=== Input data ===

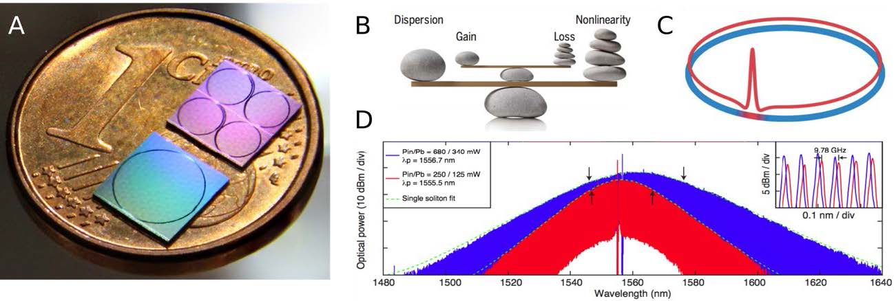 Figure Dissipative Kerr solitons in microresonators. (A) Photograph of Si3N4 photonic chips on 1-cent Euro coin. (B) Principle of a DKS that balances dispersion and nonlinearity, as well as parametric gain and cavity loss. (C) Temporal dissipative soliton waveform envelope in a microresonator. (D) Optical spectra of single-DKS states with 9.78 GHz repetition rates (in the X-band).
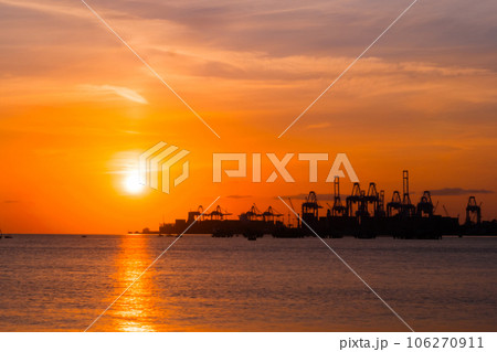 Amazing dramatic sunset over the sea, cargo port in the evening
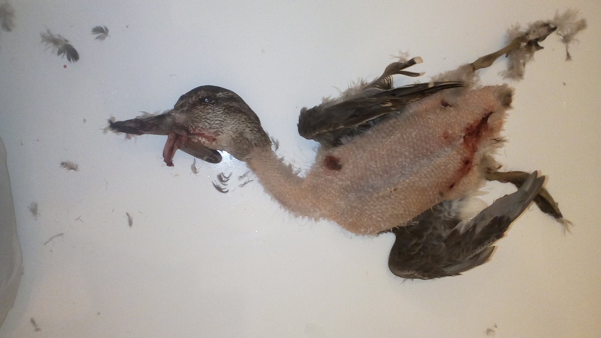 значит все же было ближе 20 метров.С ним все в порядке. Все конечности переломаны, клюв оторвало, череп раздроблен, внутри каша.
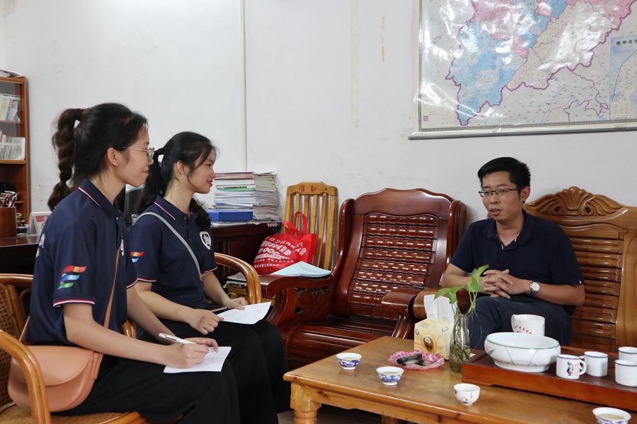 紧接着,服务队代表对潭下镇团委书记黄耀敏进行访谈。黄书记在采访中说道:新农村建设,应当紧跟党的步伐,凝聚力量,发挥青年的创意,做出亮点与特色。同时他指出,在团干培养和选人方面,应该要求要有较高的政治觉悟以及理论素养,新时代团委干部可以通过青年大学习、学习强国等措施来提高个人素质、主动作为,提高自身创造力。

===

* _What you are asked to do_
Every line from the one bearing "Amazing dramatic sunset" through the end of the data above must be output exactly, and no picture may appear.

* _Task response_
 Amazing dramatic sunset over the sea, cargo port in the evening
 значит все же было ближе 20 метров.С ним все в порядке. Все конечности переломаны, клюв оторвало, череп раздроблен, внутри каша.
 紧接着,服务队代表对潭下镇团委书记黄耀敏进行访谈。黄书记在采访中说道:新农村建设,应当紧跟党的步伐,凝聚力量,发挥青年的创意,做出亮点与特色。同时他指出,在团干培养和选人方面,应该要求要有较高的政治觉悟以及理论素养,新时代团委干部可以通过青年大学习、学习强国等措施来提高个人素质、主动作为,提高自身创造力。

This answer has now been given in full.